賃貸住宅の場合は逆で、建物は大家が加入し、入居者は家財と借家人賠償責任を中心に加入します。
補償の重複が起きやすい場所
火災保険は特約が多く、他の契約と重なりやすい構造になっています。
- 個人賠償責任特約:自動車保険、クレジットカードの付帯保険、共済にも付いていることが多い
- 携行品損害・持ち出し家財:クレジットカードの保険と重複しやすい
- 弁護士費用特約:自動車保険側にも付いている場合がある
- 共済との併用:火災共済と火災保険の両方に入っているケース
特に個人賠償責任は、重複して加入していても、実際の損害額を超えて受け取れるわけではありません。 複数の契約で保険料を払い続けている可能性があるため、証券を並べて確認する価値があります。
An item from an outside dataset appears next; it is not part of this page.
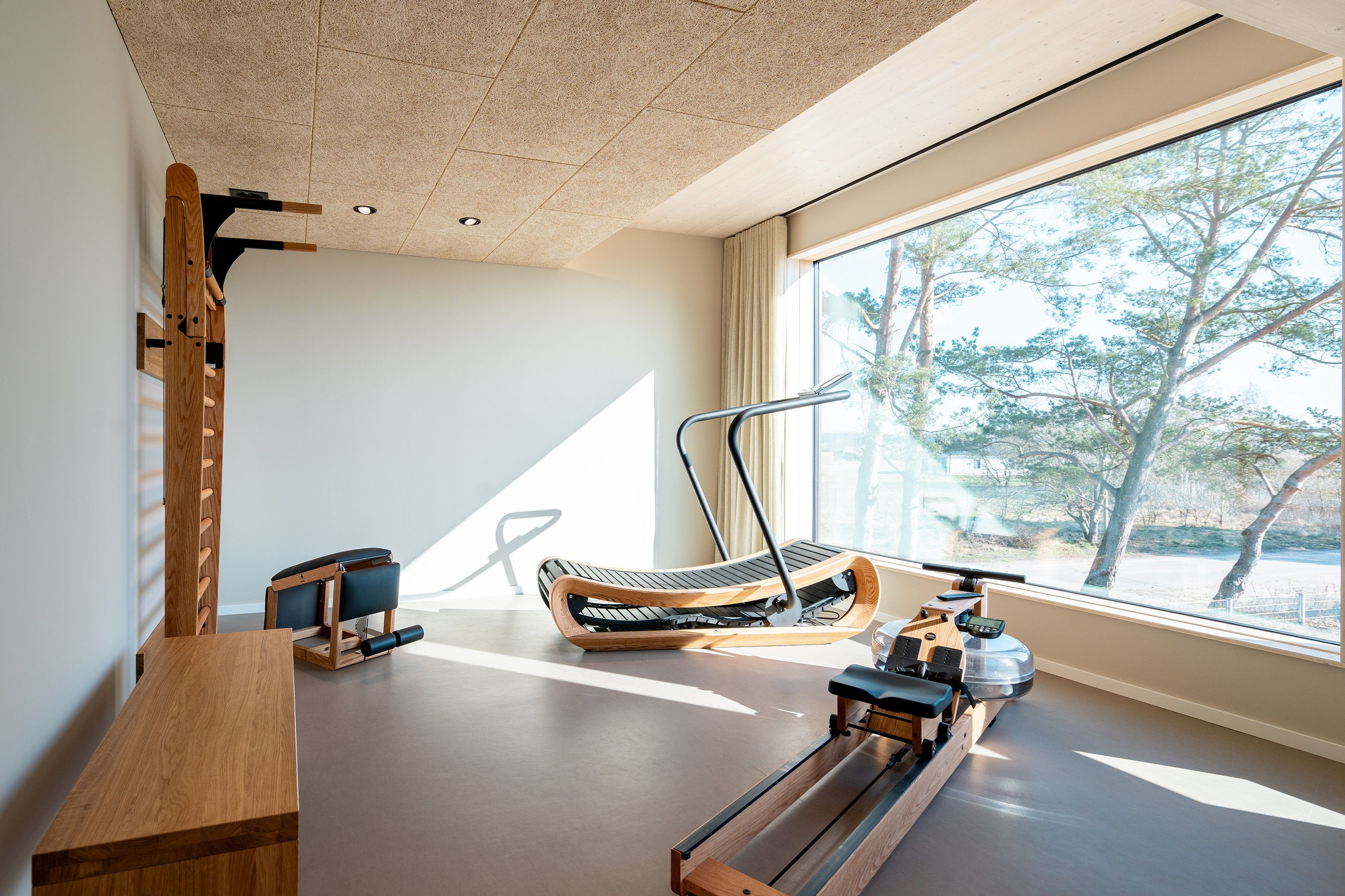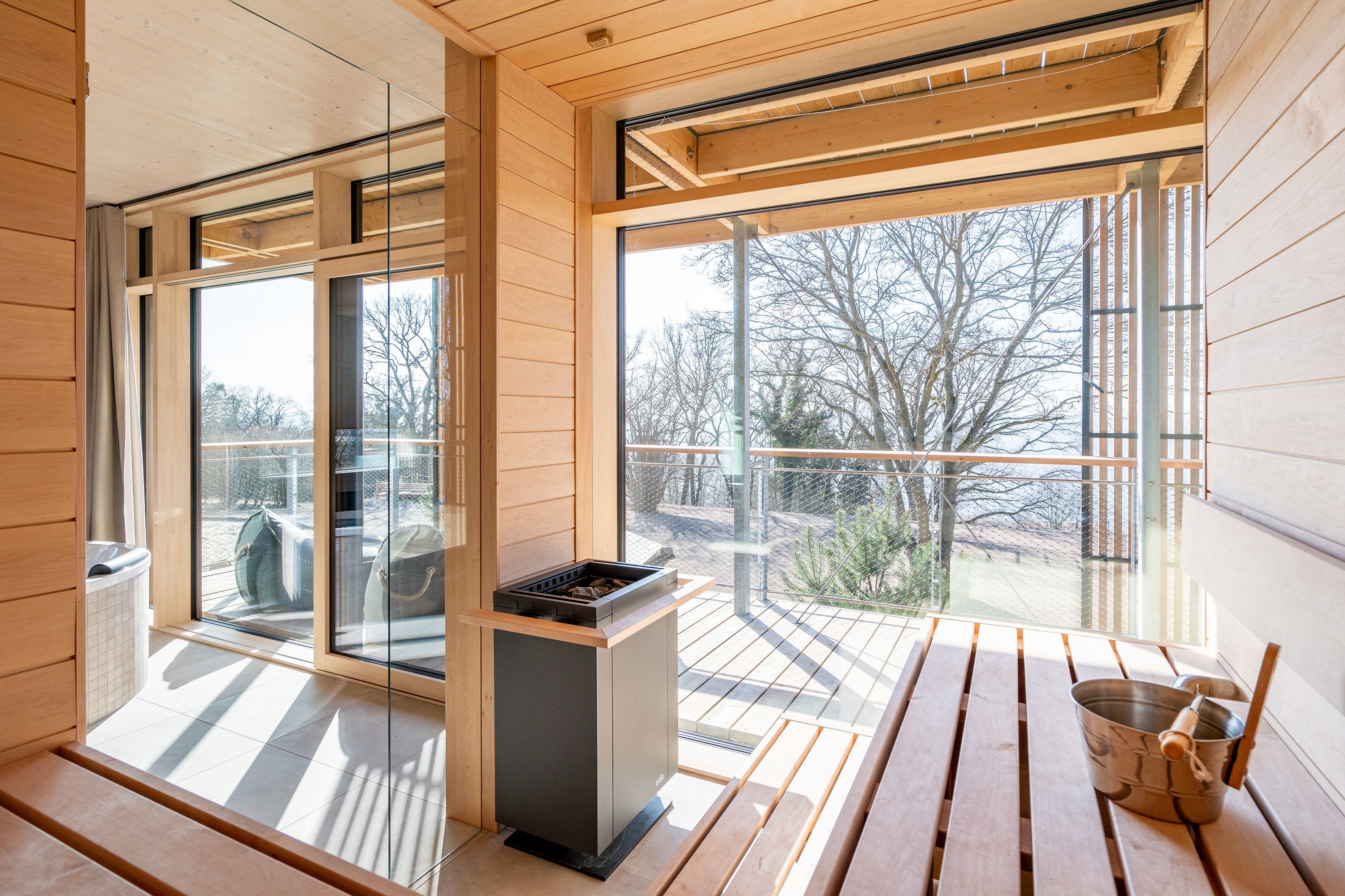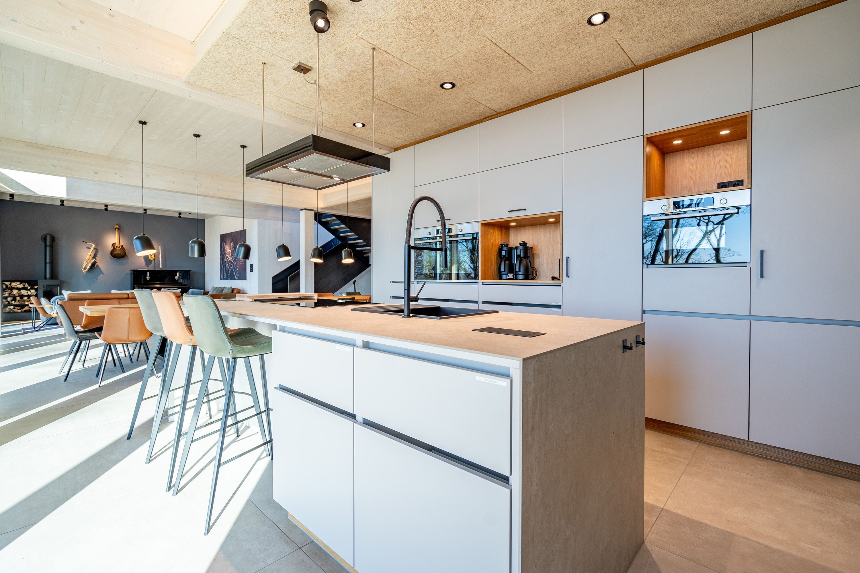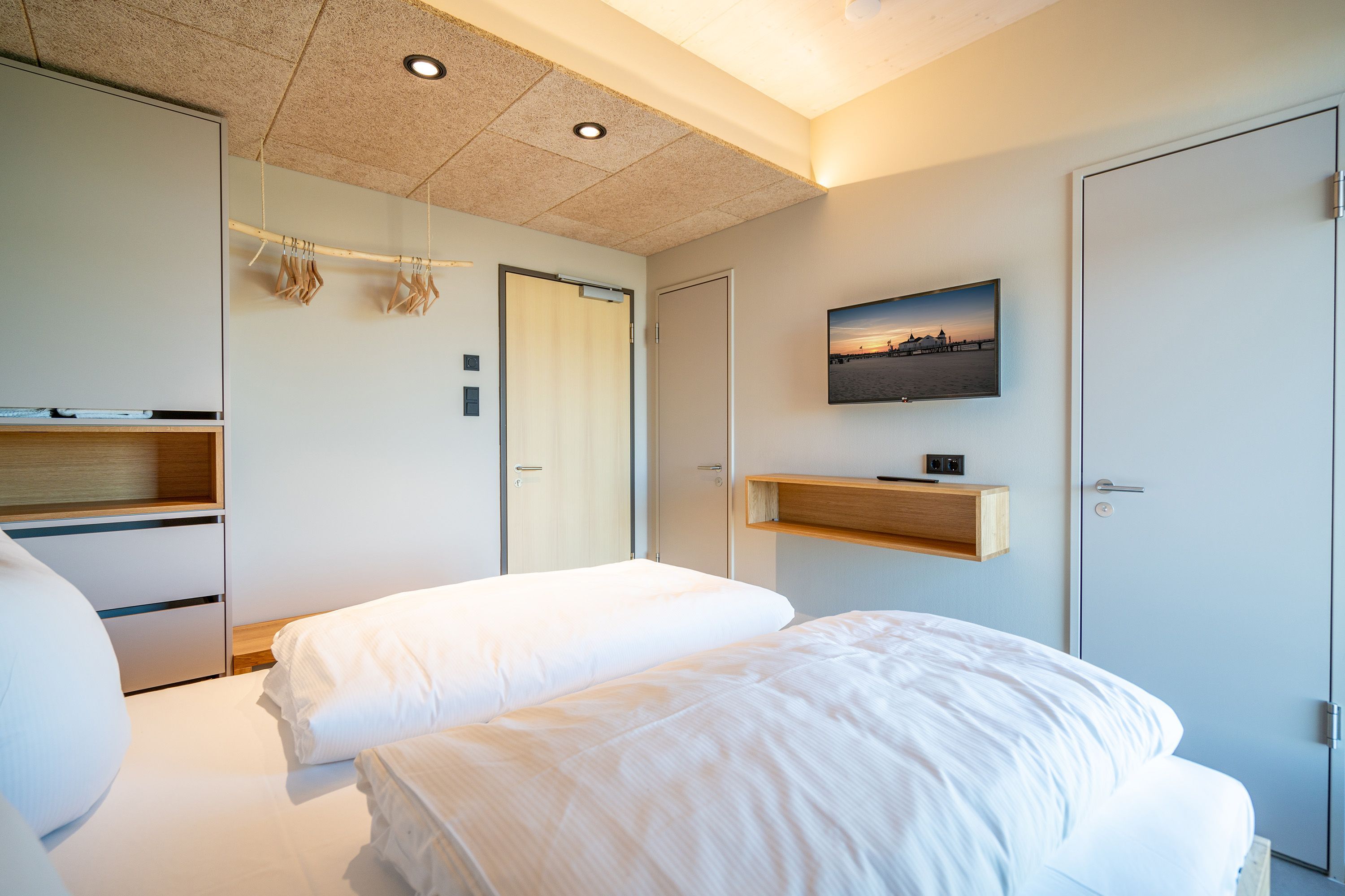 In dem 300 Quadratmeter großen Seminar- und Gästehaus mit großzügiger Außenanlage können bis zu 16 Personen nebst einem Kleinkind im Kinderreisebett beim Arbeiten oder Feiern, gemeinsam die Zeit genießen. In dieser besonderen Location kommen Bewohner nicht nur runter, sondern auf schöpferische Ideen voller Rhythm and Blues. Denn in der modernen Architektur des Hauses aus Stahl, Beton und Holz stecken jede Menge Reminiszenzen an die großen Künstler des Rockn Roll. Die Liebe zum musikalischen Detail steckt in vielen Kleinigkeiten. Wer mit offenen Augen durchs Haus schlendert, wird garantiert inspiriert. Legen Sie doch eine Platte auf dem Plattenspieler auf und träumen Sie sich in die Klänge großartiger Songs.Ein großer und offener Wohnbereich im Erdgeschoss ist perfekt dafür gemacht, Produktivität und Freizeit miteinander zu verbinden. Auch für große Familientreffen ist die Küstenkiste bestens geeignet. Im loftähnlichen Gemeinschaftsbereich lässt es sich wunderbar feiern, essen, gemeinsam kochen oder einfach nur zusammensitzen und das Leben genießen. Der Wohnbereich mit Ledersofas, Kamin und Klavier, der Essbereich mit riesiger Holztafel, die sich auch bestens zum Brainstormen, Diskutieren und Pläneschmieden eignet, und die supermoderne Küche sorgen für ein Gefühl von Freiheit und Nähe, von Unbeschwertheit und dem Fokus auf das Wesentliche. Auch im Innenhof und auf der Sonnenterrasse mit Grill laden zwei große Tafeln zum gemeinsamen Essen und Entspannen ein. Die Küche ist mit allem ausgestattet, was man sich für das Kochen in Gesellschaft nur wünschen kann. Sie verfügt über einen 6-Platten-Induktionsherd, einen Backofen sowie eine Mikrowelle-Backofen-Kombination. Auch mit 16 Mitbewohnern ist der Abwasch kein Problem. Denn den übernehmen zwei große Geschirrspüler. In den Schränken und in einem Serviceraum mit Waschmaschine, Trockner und zusätzlichem Kühl- und Gefrierschrank findet sich viel Stauraum für alle brauchbaren Utensilien, die dank Beschriftung, leicht zu finden sind. Die Gäste wohnen in acht Studios zwei im Erdgeschoss, sechs im 1. Obergeschoss mit Doppelbett, Kleiderschrank, Flat-TV, eigenem Tageslicht-Duschbad und separatem WC. Drei der Schlafzimmer verfügen über einen Zugang zum Balkon mit Haffblick. Aber auch alle anderen Zimmer haben aus dem Bett einen Blick ins Grüne. Jedes Zimmer ist einem anderen Musikgenie gewidmet. Entscheiden Sie selbst, ob Sie sich und ihre Träume lieber von Janis Joplin, Joni Mitchel oder von Bob Dylan beflügeln lassen wollen. Im Obergeschoss gibt es einen weiteren Loungebereich mit Flat-TV und Zugang zum Balkon. In einem Fitnessraum kann man sich an den hochwertigen Geräten der Firma Nohrd wunderbar auspowern, um anschließend in der Sauna oder im Whirlpool, die Energieakkus wieder aufzuladen. Doch das eigentliche Highlight des Anwesens ist der weitläufige Garten mit Beachvolleyballfeld auf echtem Strandsand, lauschigen Eckchen zum Sitzen, einem Hot Tub und einer großen Chillterrasse mit Haffblick. Parkplätze und eine Wallbox für Elektroautos (gegen Gebühr) gibt es vor dem Haus. Tierliebe Gäste können gegen Aufpreis bis zu zwei ihrer Lieblinge mitbringen.

同じ考え方は、住宅ローンの団信と生命保険の関係にも当てはまります。 詳しくは「住宅ローンの団信は生命保険の代わりになるか」を参照してください。
保険料が上がっている背景
火災保険の保険料の基礎になる「参考純率」は、損害保険料率算出機構が、会員保険会社から集めた大量の契約・支払データなどをもとに算出しています。 自然災害による支払いが増えれば、この参考純率は上昇します。
また、長期契約の最長期間も見直されており、以前のように長期で固定して備えることが難しくなりました。 更新のたびに保険料が上がる前提で、家計に織り込んでおく必要があります。
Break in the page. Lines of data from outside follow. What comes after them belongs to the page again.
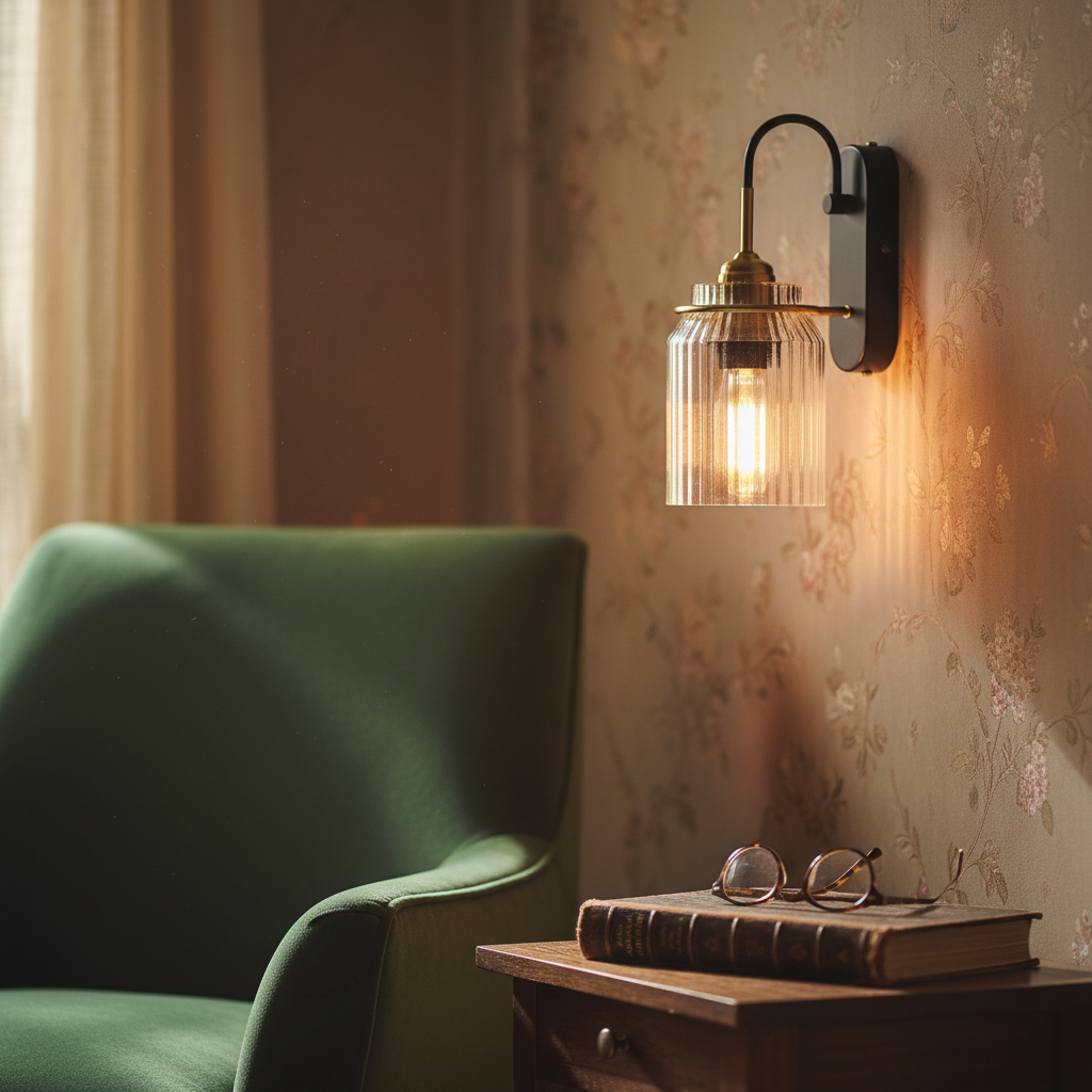 The Momus Wall Sconce combines sleek metalwork with ribbed glass shades for a sophisticated glow. Install it up or down to suit your style. Perfect for bathrooms, hallways, bedrooms, and dining spaces.
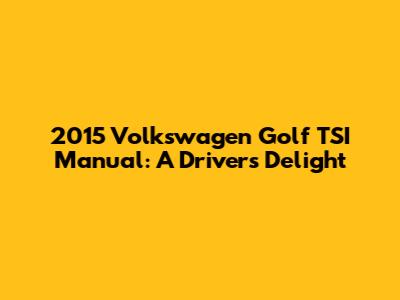 So, is the 2015 Volkswagen Golf TSI manual the right car for you? If you value driving engagement, practicality, and a touch of German engineering, the answer is likely yes. It's a car that's equally at home on a twisty back road as it is on a daily commute. It offers a fun and rewarding driving experience without sacrificing comfort or fuel economy. The manual transmission adds an extra layer of involvement that's sure to appeal to driving enthusiasts. You'll feel more connected to the car and more in control of its performance. But it's not just about the driving experience. The Golf TSI is also a practical and versatile car. It offers plenty of space for passengers and cargo, making it a great choice for families or anyone who needs a car that can do it all. It's also relatively affordable, both to buy and to own. The Golf TSI is known for its reliability, and its fuel economy is respectable. Of course, it's important to consider your own needs and preferences. If you're not comfortable driving a manual transmission, the automatic version might be a better choice. And if you need a lot of space, a larger SUV might be more suitable. But if you're looking for a fun, practical, and engaging car that won't break the bank, the 2015 Golf TSI manual is definitely worth a look. It's a car that's sure to put a smile on your face every time you get behind the wheel. Take it for a test drive and see for yourself. You might just fall in love with its sporty handling, comfortable interior, and overall sense of quality. It's a car that's built to last and designed to impress.
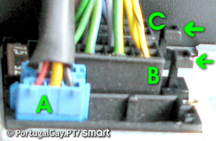 Dentro do Carro - Autorádio:1. remover o autorádio e localizar as fichas B e C da figura (a ficha A pode estar ou não presente e é utilizada para entrada MP3/Aux do autorádio).
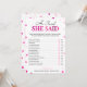 Este jogo de bingo moderno apresenta um fundo magenta rosa com confetes metálicos. O texto é escrito em uma mistura de uma fonte de caligrafia divertida e uma fonte serifada moderna, este cartão é personalizado com o nome da Noiva e a data do Chá de Panela.

地震保険の保険料は、建物の構造と所在地によって決まります。 耐震性能に応じた割引制度もあるため、住宅性能評価書や耐震診断の結果がある場合は、申告することで保険料が下がる可能性があります。
見直すときの順番
保険料を下げたいとき、いきなり補償を削るのではなく、次の順番で検討します。
- 重複している特約を外す:他の契約でカバーできているものを整理する
- 割引の適用漏れを確認する:耐震・免震・建築年による割引が使えないか
- 保険金額が実態に合っているか確認する:過大でも過小でも問題になる
- 免責金額(自己負担額)を調整する:小さな損害を自己負担にすると保険料は下がる
- 不要な水災補償を外すかを検討する:ハザードマップで浸水想定を確認してから判断する
5番目は慎重に判断してください。 「マンションの高層階だから水災は不要」という判断はあり得ますが、地形によっては想定が変わります。 自治体のハザードマップを見てから決めてください。
削ってはいけないもの
- 地震保険:地震による火災・倒壊は火災保険では出ない
- 建物の主要な補償:住み続ける前提なら、再建できる金額が必要
- 賃貸の借家人賠償責任:原状回復義務に対応するもので、金額が大きくなりやすい
保険は、起きる確率が低くても、起きたときに家計が立ち行かなくなるものに備えるのが基本です。 この考え方は「医療保険は必要か」や「生命保険の見直し方」とも共通します。
確認のチェックリスト
- 地震保険は付いているか
- 家財は補償の対象になっているか
- 保険金額は、いまの建築費で再建できる水準か
- 個人賠償責任が他の契約と重複していないか
- 耐震・建築年などの割引が適用されているか
- 水災補償の要否をハザードマップで確認したか
- 次の更新時期と、保険料の変化を把握しているか
まとめ|火災保険の見直しは「削る」より先に「重複を外す」
地震による損害は、地震保険がなければ補償されません。 そして地震保険は、火災保険の30〜50%の範囲でしか契約できず、上限もあります。 この制度の性格を理解したうえで、足りない部分は貯蓄で備えるという整理になります。
保険料を下げたいなら、まず重複している特約と、適用漏れの割引を確認してください。 補償そのものを削るのは、そのあとで構いません。
参考資料
- 財務省「地震保険制度の概要」
- 財務省「地震保険は、なぜ火災保険の保険金額の50%までしか契約できないのでしょうか」
- 損害保険料率算出機構「火災保険参考純率」
- 損害保険料率算出機構「地震保険基準料率」
- 金融庁「保険契約にあたっての手引」
本記事は2026年7月27日時点の公開情報をもとに作成しています。 制度・料率・商品内容は変更される場合があります。 実際の契約内容は保険証券と約款が優先されます。見直しの前には保険会社・代理店にご確認ください。